• **Extracted information**
=== Section Start ===

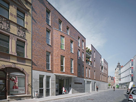 Das Bildungshaus St. Ursula befindet sich in der Erfurter Altstadt, in unmittelbarer Nachbarschaft der Fußgängerzone des Angers. Mit dem Erweiterungsneubau wurde die ehemals vorhandene Bebauung am westlichen Ende der Trommsdorffstraße wieder hergestellt, gleichzeitig wird der Verlauf der Pferdegasse als Straßenraum neu definiert. Der 46 m lange Baukörper zeigt eine gleichmäßige vertikal betonte Fenstergliederung, die unterbrochen wird durch die eingezogenen Loggien, die sich bis in das Flachdach einschneiden und den Baukörper in seiner Länge gliedern. Die Gestaltung nimmt sowohl Bezug auf den historischen Bestand, als auch auf den gegenüberliegenden Neubau des Karstadt- Sporthauses. Mit der Sichtbetonfassade im Erdgeschoss und der Klinkerfassade der Obergeschosse entspricht es in Gestaltung und Materialität den umgebenden Gründerzeitfassaden. Der straßenseitige Erker betont den Haupteingang im Erdgeschoss, in das Foyer des Bildungshauses “St. Ursula“. Im 1. Obergeschoss befindet sich ein Speiseraum mit Küche und Personalbereich des Bildungshauses. In dem verbleibenden 2. und 3. Obergeschoss sind Wohnungen unterschiedlicher Größe entstanden, welche jeweils über Loggien als Außenräume verfügen.
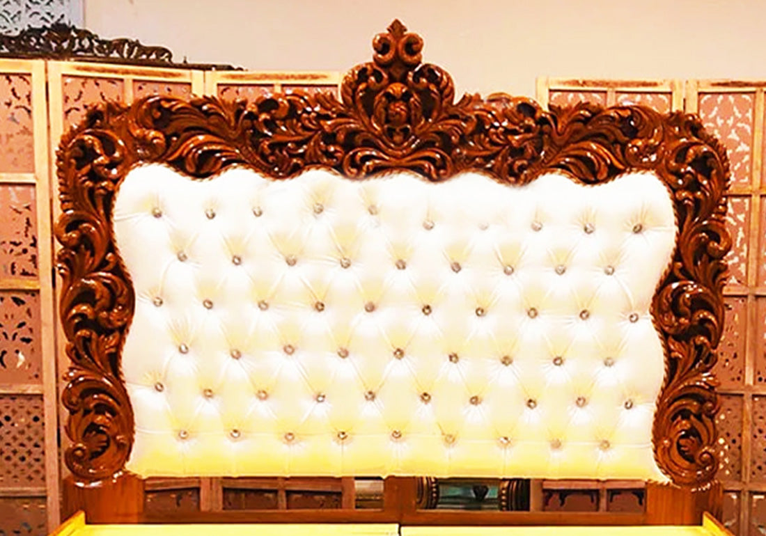 The "Elite Teak Wooden Hand Crafted Bed" represents the epitome of elegance and artistry in bedroom furnishings. Meticulously handcrafted from the finest teak wood, renowned for its durability and captivating grain patterns, this bed encapsulates the essence of timeless beauty and masterful craftsmanship. Its intricate detailing, carved patterns, and smooth finish stand as a testament to the skill of the artisans who bring this masterpiece to life.
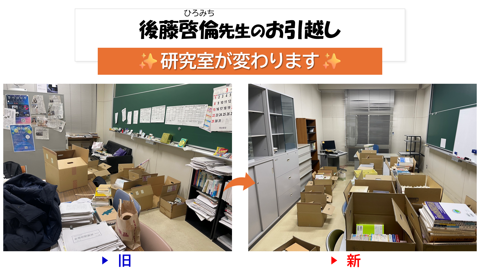 今日は、新年度の始まりに向けて研究室の引っ越しをした後藤先生にクローズアップ(^▽^)
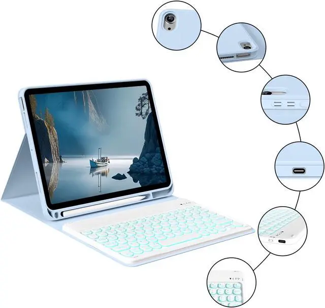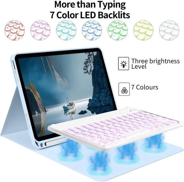 Detachable 7-Color Backlit KeyboardFeaturing a seven-color LED backlit keyboard with three adjustable brightness levels, this accessory for the iPad 11th 10th generation allows you to select your preferred hue and brightness. Enjoy a seamless and comfortable typing experience even in low-light conditions
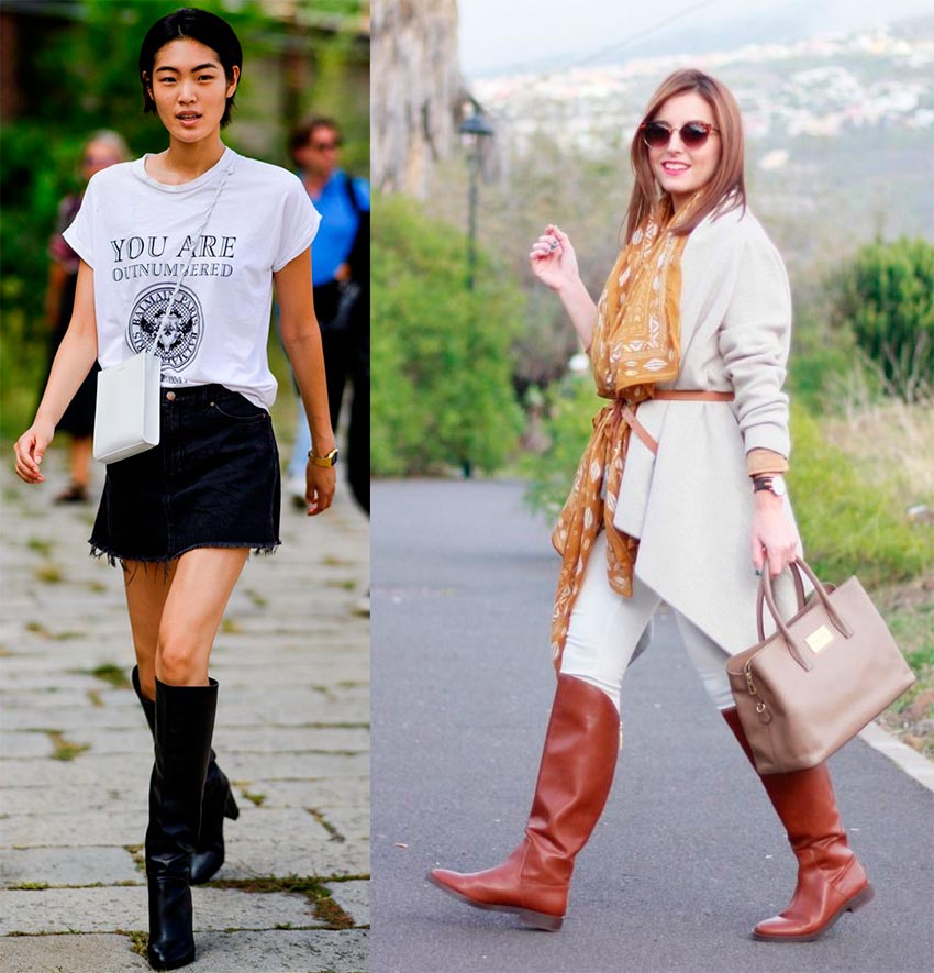 Si vous préférez quelque chose de plus discret et confortable, choisissez des cuissardes à quelques centimètres au-dessus du genou, des couleurs monochromes calmes, en cuir ou en daim, avec des talons bas ou pas de talons du tout. Comme Céline et Givenchy sont une excellente option pour tous les jours, qui s'intégrera même dans un look professionnel. Portez des bottes au genou avec des robes et des jupes courtes (ou jusqu'aux genoux), des leggings moulants et des pulls extra-longs.
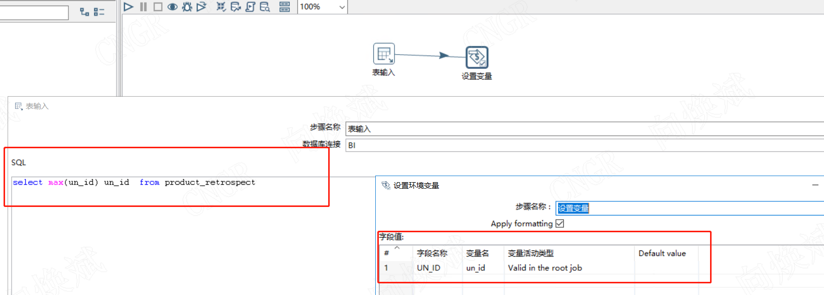 对应作业为下图所示,通过变量过滤,再执行数据插入即可。
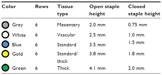 예) Endo GIA 60mm-3.5mm = 스테이플의 총 길이 60mm 스테이플의 깊이 3.5mm
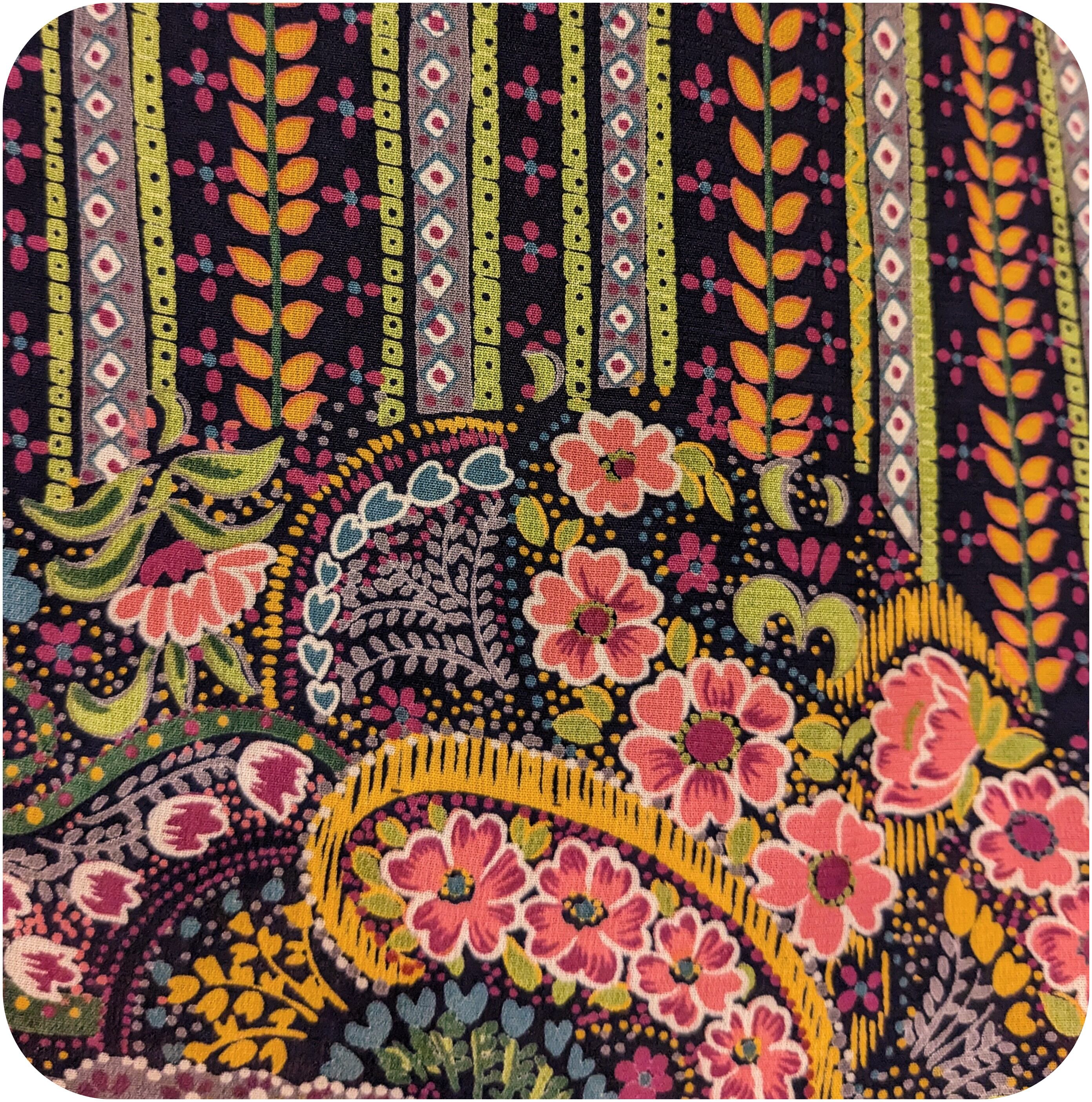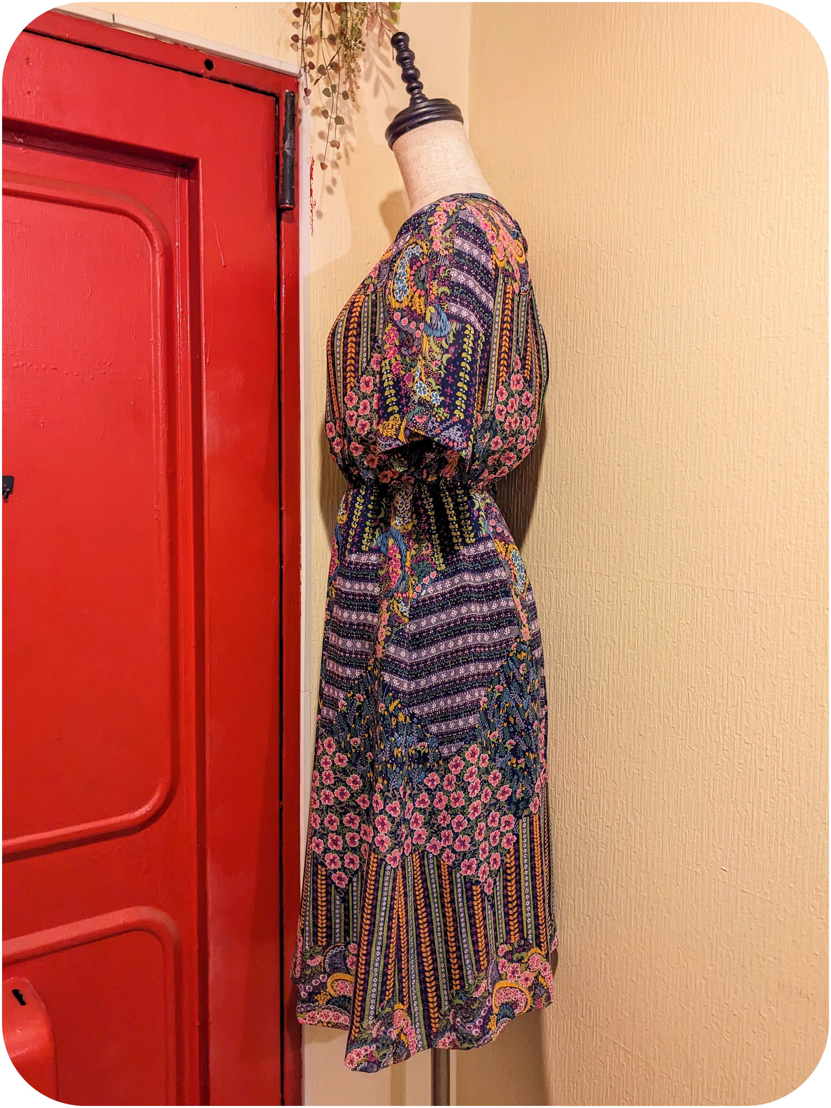 レトロなネイビー×ピンク×グリーンのフラワー柄ワンピース

=== Section End ===

Each line from the one that holds "Si vous préférez" through the end of the entries must be returned exactly, while any pictures stay out.

• **Reply**
 Si vous préférez quelque chose de plus discret et confortable, choisissez des cuissardes à quelques centimètres au-dessus du genou, des couleurs monochromes calmes, en cuir ou en daim, avec des talons bas ou pas de talons du tout. Comme Céline et Givenchy sont une excellente option pour tous les jours, qui s'intégrera même dans un look professionnel. Portez des bottes au genou avec des robes et des jupes courtes (ou jusqu'aux genoux), des leggings moulants et des pulls extra-longs.
 对应作业为下图所示,通过变量过滤,再执行数据插入即可。
 예) Endo GIA 60mm-3.5mm = 스테이플의 총 길이 60mm 스테이플의 깊이 3.5mm
 レトロなネイビー×ピンク×グリーンのフラワー柄ワンピース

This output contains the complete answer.